Presented in the form of a journal and including ruminations and more than sixty pen-and-ink drawings, A Caledon Sketchbook illustrates chance moments of solitude and articulates a sense of communion with the spiritual side of the Caledon Hills. North and to the west of Toronto, this rolling landscape is home to artist Richard Nevitt. Working from nature is what he loves best, and in this collection his drawings demonstrate the degree to which a simple line scratched with a pen nib can elicit a deep appreciation of a geographic place.

Author comments

For the past thirty years I have recorded in journals my feelings and thoughts as they relate to the landscape of the Caledon Hills. The journals provide me with insightful germs of ideas for more elaborate works to be completed at leisure in my studio. At a very early stage of my career I was fortunate to be able to examine some of the journals of the Group of Seven. Their sketchbooks provided me with an understanding of the way in which many of their better-known compositions had evolved. I soon realized that the field journal is the first repository for many of the creative ideas that are essential to the spirit of any completed work.

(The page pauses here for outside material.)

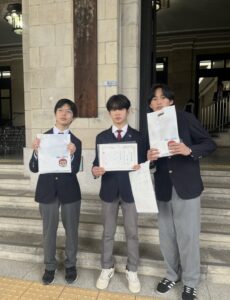 4月6日、春の自転車交通安全キャンペーンが開催され、本校から生徒会3名が参加しました。

Every artist must penetrate beneath the surface of a subject. For me, a strong classical training in drawing and anatomy provided the counterpoint for much of my more speculative research. Many of my former teachers were both figurative and landscape painters who embraced a passion for their culture and their country, equally.

Apart from a constant enchantment with the work of the Group of Seven, I also discovered another important mentor in the person of Charles Burchfield, an American realist from Buffalo, New York State. Burchfield’s unique brand of magic realism was not just about story telling but rather very much engaged itself with the sensory tonalities of nature. His journals drew me into closer touch with my own sense of perception through an appreciation of the orchestrated symbolic patterns that became his signature method of presenting empathy with nature.

For Burchfield, the moods of nature became no longer mere transcriptions of tonal ranges but rather an exuberant expansion of the geometric possibilities of angles, lines and circles. The seasons are described in gestural dances of shifting celebrations of tempo moods. Colours encompass and caress the imagination toward a spiritual transformation of harmony.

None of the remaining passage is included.